A report release by the US Chamber of Commerce — the largest lobby group in the US — on November 13 echoed that concern. It noted the provision “is the equivalent of requiring PE funds and their principals to guarantee the performance of their portfolio companies to all of their creditors, which would just end PE investing altogether and is contrary to the principle of American business, which is to respect the corporate form.”
The paper, written by USC Marshall professor Charles Swenson, claims that the bill could result in the loss of up to 26.3 million jobs, and as much as $475 billion in local, state and federal tax revenue, annually. In a modest-case scenario, Swenson wrote, the proposed expansion of liability would result in a 19 percent reduction of the PE industry. There would be up to a 19 percent failure rate for PE-backed companies and up to a 19 percent reduction in returns to investors in PE.
Hayes suggested that there’s nothing stopping GPs, if the legislation were passed as written, from taking out large insurance policies to protect themselves and charging them back to LPs as an expense – and by extension, their end investors.
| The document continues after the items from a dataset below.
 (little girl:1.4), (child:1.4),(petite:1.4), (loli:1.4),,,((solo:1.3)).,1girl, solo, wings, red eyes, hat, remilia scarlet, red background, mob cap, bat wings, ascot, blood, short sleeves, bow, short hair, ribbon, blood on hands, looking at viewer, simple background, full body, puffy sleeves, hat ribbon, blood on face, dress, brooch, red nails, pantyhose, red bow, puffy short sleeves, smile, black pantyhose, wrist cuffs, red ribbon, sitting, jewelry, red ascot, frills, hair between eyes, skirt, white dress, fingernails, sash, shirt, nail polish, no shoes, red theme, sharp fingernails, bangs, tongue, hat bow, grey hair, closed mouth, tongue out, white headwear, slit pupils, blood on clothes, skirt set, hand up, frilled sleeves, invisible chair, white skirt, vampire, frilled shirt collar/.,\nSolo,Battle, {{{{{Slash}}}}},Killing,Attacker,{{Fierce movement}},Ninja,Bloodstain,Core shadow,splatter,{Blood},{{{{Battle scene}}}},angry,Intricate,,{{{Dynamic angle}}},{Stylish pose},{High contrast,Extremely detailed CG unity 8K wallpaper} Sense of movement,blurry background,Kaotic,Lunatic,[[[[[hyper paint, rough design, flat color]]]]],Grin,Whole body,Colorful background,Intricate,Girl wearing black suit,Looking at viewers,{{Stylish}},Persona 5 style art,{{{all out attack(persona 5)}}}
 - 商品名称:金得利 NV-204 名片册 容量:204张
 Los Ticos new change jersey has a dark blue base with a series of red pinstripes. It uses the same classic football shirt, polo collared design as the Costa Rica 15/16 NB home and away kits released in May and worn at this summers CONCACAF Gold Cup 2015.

But perhaps even more fundamentally, it poses a risk to the very companies the industry often tries to turn around. “Companies who need capital the most, and therefore are already at a higher risk of failing, would not be able to access capital from private equity funds,” Hayes says, since they would present a higher personal risk for fund operators.
More scrutiny on the way
As we went to press, the House Financial Services Committee was holding a hearing entitled “America for Sale? An Examination of the Practices of Private Funds” – perhaps the first Congressional hearing on private funds since the Dodd-Frank Act, Hayes speculates.
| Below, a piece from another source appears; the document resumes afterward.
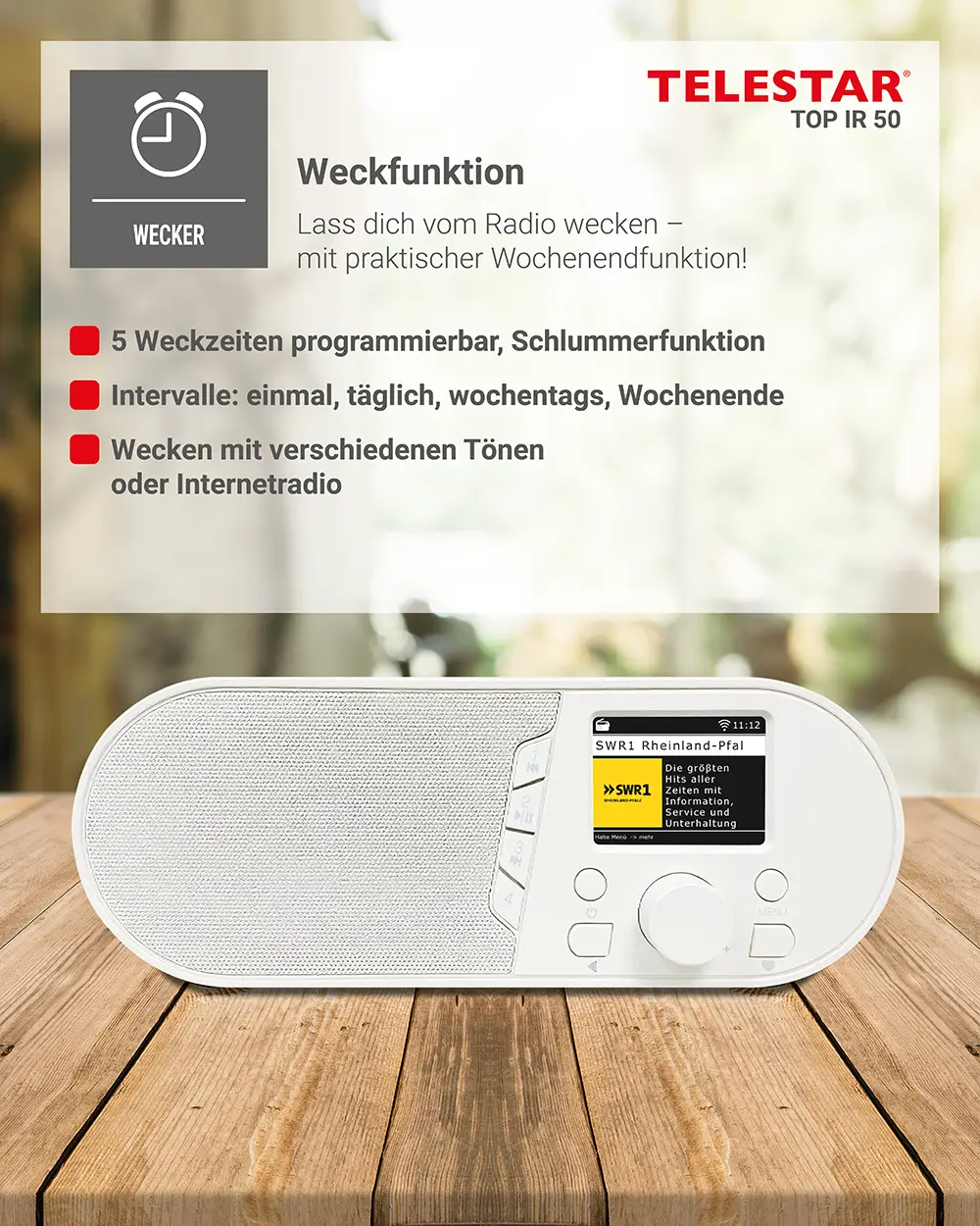 - Wecker und Sleeptimer mit unterschiedlichen Modi

While the hearing portends some of the inevitable political grandstanding private equity firms are wary of, Hayes welcomes the growing investor concerns in private equity. ILPA members are pushing for greater market transparency and raising their eyebrows at what they see as an ongoing erosion of fiduciary duties to LPs. “Given that some of these investor related issues are highlighted in the [Warren bill], we do expect that some of those issues will be raised and discussed at the hearing,” he says.
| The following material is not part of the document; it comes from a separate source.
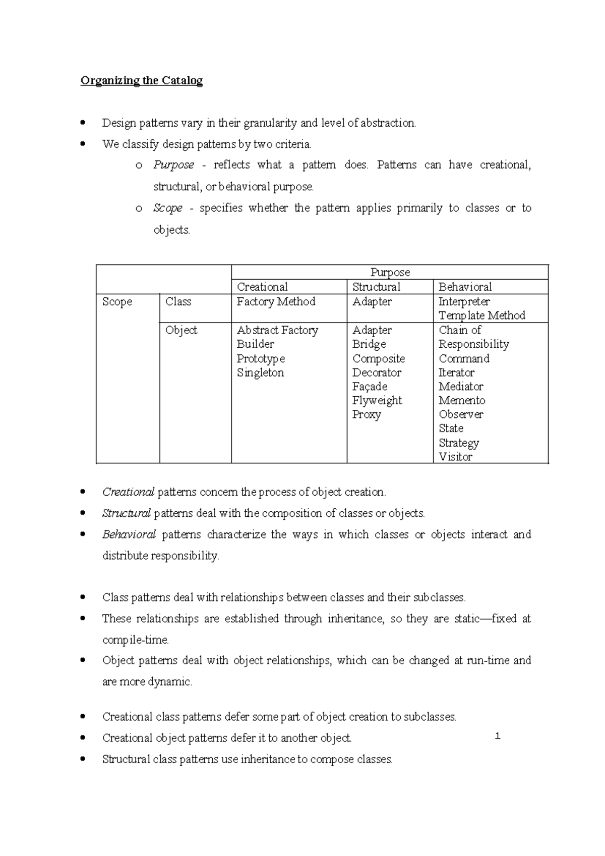 1.5 Organizing the Catalog 1 Organizing the Catalog Design patterns

“Transparency and sunlight are generally bipartisan ideals that can be achieved,” Hayes adds. Those are issues that will need addressing if the Securities and Exchange Commission broadens access to private funds to retail investors – something the SEC has been officially considering since June. This could both produce another surge in private fund investment, as well as even more intense political scrutiny.
For the sponsors, the hearing underlines the unnerving potency of the Democratic party’s recent campaign against private equity: even if the bill is unlikely to pass, it has already impacted the broader political debate, and parts of it could find their ways into future legislation. But while the industry takes the threat seriously, few firms are ready to panic.
“People have their concerns with Warren’s rhetoric, but it’s relatively early,” says a CFO at a mid-market firm. “Around here, it’s a wait-and-see approach,” the executive adds, noting that, even with a Democrat in the White House, Republicans have a good chance of retaining a majority in the Senate. Such a result would significantly hamper a Democratic president’s ability to pass legislation hostile to private equity.